This peaking date reflects both the time delays in drilling many of these
significant wells and also the lag in reporting the well completions.
Since
the rig count has now fallen so much from its peak, six to nine months from
now Texas' well completions should drop back into the low 300 wells per
month. If this happens, it would seem almost impossible that gas supplies
could only fall a percent or two.
Despite
the drilling decline, reported well completions were at peak levels six
to nine months after drilling peaked. While gas prices have now doubled
from their recent lows, gas-related drilling could soon rebound, but through
the end of September 2002, no sign of a big drilling recovery is underway.
However,
even a quick drilling rebound will probably not reverse a supply drop because
such a large proportion of the state's supplies are dependent on the steady
growth of giant gas wells, and drilling for these wells has also declined.
Gas supplies
in Texas will fall. Calculating the timing and magnitude of the decline
is difficult. The risk that a supply drop could be significant is too serious
to ignore. How big a drop is likely? The fact that 75 percent of Texas counties
suffered declines of 15 percent during a major drilling boom illustrated
that a statewide drop of this magnitude or more could be realistic. Handicapping
the odds of such an event is impossible.
Is Texas a National Model?
It is hard to accurately gross up the results of this 53-county gas survey
to approximate the state of Texas. It is beyond sound analysis to even try
to extend this sample to all of the U.S., despite the fact that these 53
counties represent 16 percent of total U.S. gas supply.
However,
the 53 counties were specifically selected to serve as a reasonable proxy
for not only the entire array of Texas wells but also the wide variance
seen in the gas well productivity of states around the U.S.
Crockett
County in west Texas, for instance, is a good proxy for a state like Kansas,
with many wells but tiny per-well production. Brooks County in south Texas
is a good representation for the best gas wells completed in the Gulf of
Mexico. Logically, it is hard to see why this survey of 16 percent of the
U.S. gas supply would not be a rough proxy for what is likely to happen
to gas supply for the entire country.
U.S.
gas rigs drilling declined by 45 percent. Texas rigs are down 44 percent.
Both rig counts peaked at the same time. During the boom, the only states
with higher growth rates were Oklahoma and Wyoming. The only states that
fell from peak rig counts further than Texas were Oklahoma and New Mexico.
The collapse in drilling was relatively uniform throughout the U.S.
Despite
the fact that we surveyed production from almost 8,000 producing gas wells,
there is no way to precisely guess the magnitude of the coming decline in
gas supply, even from these 53 counties. It is even harder to use this data
to precisely quantify what is likely to happen to total U.S. gas supply.
However,
a decline in gas supply as little as 1 percent to 3 percent now seems almost
impossible, once the full impact of a drilling collapse is finally felt.

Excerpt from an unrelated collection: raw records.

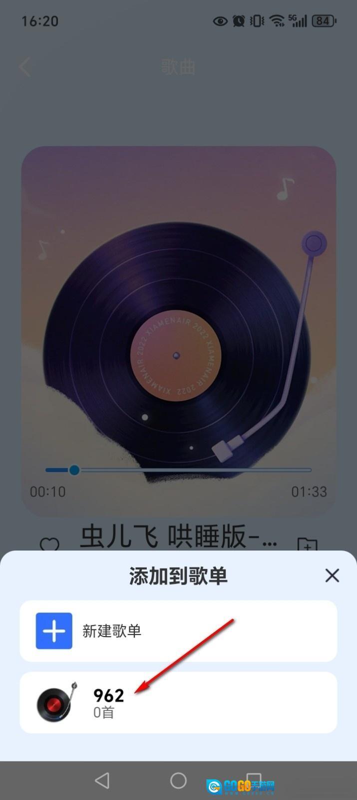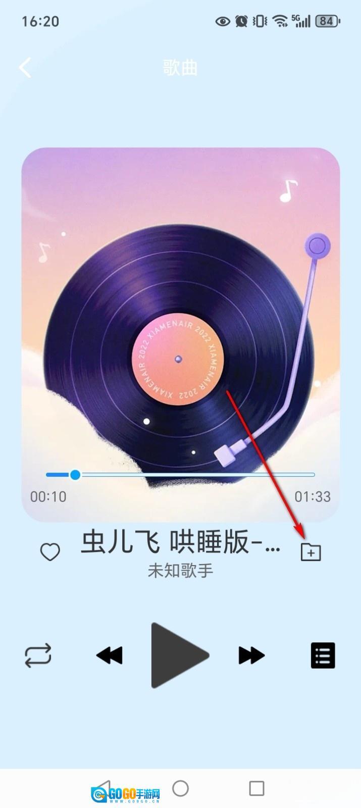 在歌曲播放界面点击【+】
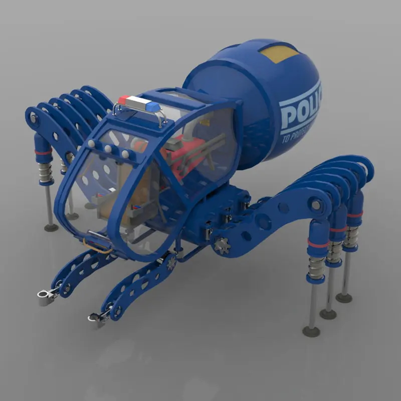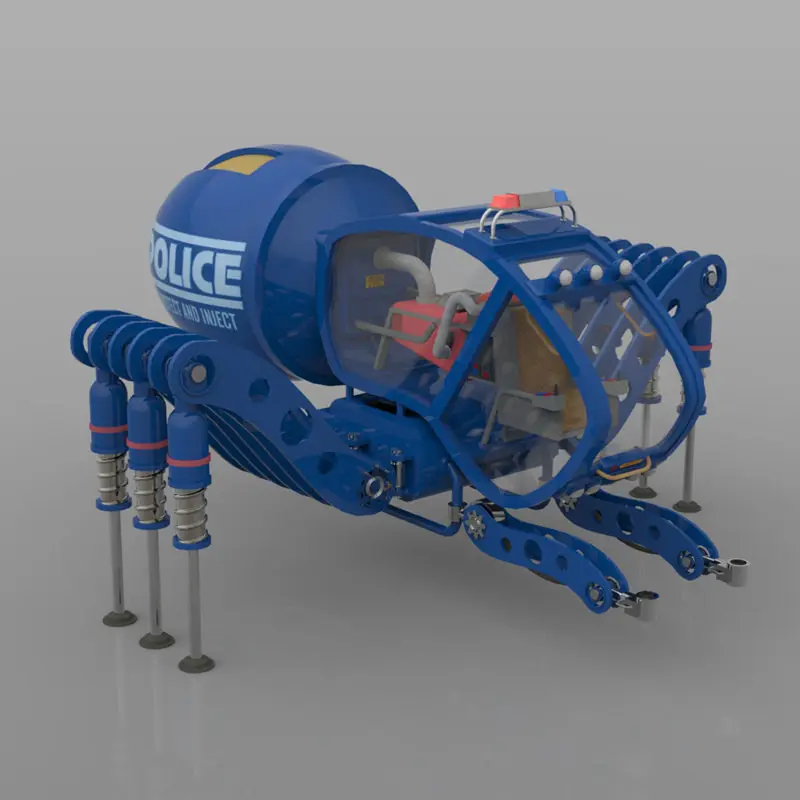 Which also means the SpiderMex is incredibly flexible in terms of the poses that can be quickly created for your 3d scenes. From bunching up all legs for ease of transportation, to partially extending the leg parts to easily stand on unlevelled terrain, or fully extending all the legs.
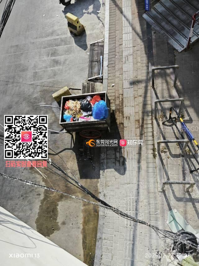 第三次投诉,从2025年11月正式投诉到现在,过去了4个月,根本没有解决问题,24号回复了已通知附近早餐店,25号那些早餐店照常扔厨余垃圾到该位置,地面全是厨余垃圾的汤汁,每次经过,以及出门,都是臭味,附近全是苍蝇老鼠蚊子,到底是懒政还是利益输送?所谓的标识就打印一张A4纸,苍蝇那么小的字。该位置是人行通道,距离居民楼仅几十公分,往前10米就有一个垃圾站,却在步行街的人行出入口摆放一个垃圾车影响通行以及居民的正常出入,每天回家经过都要忍受恶臭味。提供的两个电话打不通,投诉无门。东莞大扫除了这么多轮,都没有解决这个问题,请你们重视此问题,彻底解决该处摆放的垃圾车以及垃圾问题。这是人行通道还是堆放垃圾的场地?

I think the U.S. will be fortunate if the decline is only 10 percent. It
could be far higher.
Regardless
of how much gas supply will ultimately fall, based on sampling individual
gas wells in this 53-county survey, the full impact of the possible gas
supply decline is unlikely to be felt until the fourth quarter of 2002 or
1st quarter of 2003.
By then,
a robust drilling boom could be underway, assuming the industry has a sufficient
inventory of drilling prospects. But the lag effect and a far higher decline
rate now challenges the industry more than ever (and there is no sign of
this renewed boom occurring any time soon).
Market Reactions
Each time prices soar and subsequently crash, it further erodes the confidence
of oil and gas operators to begin drilling more wells when prices begin
to rise.
If a
big drop does occur, the dynamics of supply could make it hard, if not impossible,
for the industry to build supply back to the levels we enjoyed for the past
eight years, let alone ever grow supplies to meet a 30 TCF market by 2010
or even 2015.
If supply
drops more than a marginal degree, there is also a risk that gas prices
will face another violent and unhealthy upward explosion.
But early
indications should be but a trickle compared to the production loss that
should show up when a decline in completing the giant wells finally appears.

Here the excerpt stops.